Friday, 29 April 2011

Testing Scala 2.9.0 (RC2) parallel collections: four extra key strokes, double speed

We have just tried the new parallel collections that you can find in Scala 2.9.0.RC2.

By adding .par at a few places, the software we tested ran almost twice (1.9 x) as fast on a two core processor. Running the same code on a four core processor was, as expected, quicker (2.7 x), but not four times as fast. That's quite a performance boost, with close to zero programming effort.

The software we've tested validates (electronic) pronunciation dictionaries, where each entry has an orthography, a phonetic transcription and some other stuff.

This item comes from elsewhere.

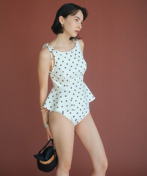 「大人が着られるスイムウェア」 ハイネックWリボンフレア&ショーツ ドット柄 オフホワイト 水着 ■デザイン 「大人が着られるスイムウェア」が今シーズンも登場! 【飽きずに着られる程よいトレンド感】 今年はシャーリング・ハイネック・リボンディテールなどのトレンドキーワードを意識してお作りしました。 【シンプルで大人っぽいカラー】 ただシックなのではなく、ライトカラーやビビットカラーでも大人らしさを感じる色味を選んでおります。 また素材にもこだわり凹凸感を出すことでより雰囲気のある仕上がりに。 【気になる部分を隠しつつ女性らしい身体のラインを表現するカバー力】 全部を隠すのではなく、 デザインディテールやカッティングを調整することで、きれいなボディラインを演出します。 こちらの3つをテーマに開発した、こだわりのスイムウェアです。 ハイネックで肩をリボンで結ぶ、少しフェミニンな雰囲気の新作。 フレアのシルエットですが、サイド部分がより広がる形なので、 甘くなりすぎず着用していただけます。 表面感のある生地にトレンドのドット柄をプリントした、こだわり素材。 大きすぎず、小さすぎないドット柄が存在感はありつつも大人っぽい印象です。 ・取り外し可能なパット付き 【同素材】 ・ラッシュショーツ 対象品番:36616000016 ・ハイネックワンピース 対象品番:36616000019 【同柄・色違い】 ・ハイネックWリボンフレア&ショーツ(BLACK) 対象品番:36616000007 【同デザイン】 ・ハイネックWリボンフレア&ショーツ無地 対象品番:36616000003 ================================ 裏地:あり 機能性:UVケア(紫外線遮蔽率90%以上) ================================ 【注意事項】 ※画像の商品はサンプルです。 実際の商品と色味、仕様、加工、サイズ、素材等が若干異なる場合がございます。 ※工場の生産の都合上、納期が変更になる場合がございます。発送日の前後についてはあらかじめご了承ください。 ※入荷状況により、お客様への発送が店頭販売より遅れる場合もございます。 ※商品に「取り扱い上の注意書き」、「洗濯表示」がございます場合は、使用前に必ずご確認ください。 ※商品画像は、光の当たり具合やパソコンなどの閲覧環境により、実際の色味と異なって見える場合がございます。あらかじめご了承ください。 ※商品の色味の目安は、商品単体の画像をご参照ください。 店舗へお問い合わせの際は、全国のgreen label relaxing各店舗まで下記の品名/品番をお申し付けください。 品名:★CFC ハイネックWリボンフレアDOT W 品番:36616000021

The program runs a large number of quality checks to find problems (faulty transcriptions, inconsistencies, etc) that are hard or impossible for a human lexicographer to find. It runs hundreds or even thousands of validation rules, using regular expressions and other string processing, on a hundred thousand or more dictionary entries.

The software runs a sequence of validation rules on each input entry. The validation rules are independent of each other, suitable for running in parallel. The rules, living in a Seq, are applied in sequence in a call to map(...). By calling .par.map(...) on the Seqs holding the validation rules, a multi-core processor is now able to perform the validation in parallel (par returns a parallel version of a collection).

Apart from using parallel collections at the point where the validation rules are run, we also run the main loop, reading the input lexicon data, using a parallel collection. Adding parallel collections at different places (the outermost loop and inside the validation) seems to add to the performance gain.

An initial problem that we had, was that the Scala 2.9.0.RC2 API documentation fooled us to believe that foldLeft would, just like map, run in parallel. That appears to be incorrect. We had to change calls to foldLeft into calls to map (followed by an additional foldLeft to aggregate the result). I don't know if I've misunderstood the documentation, or if parallel foldLeft is pending.

Anyway, double speed, or more, with zero effort. It sounds too good to be true, but this quick test suggests that it works like a charm.

And now I want more cores.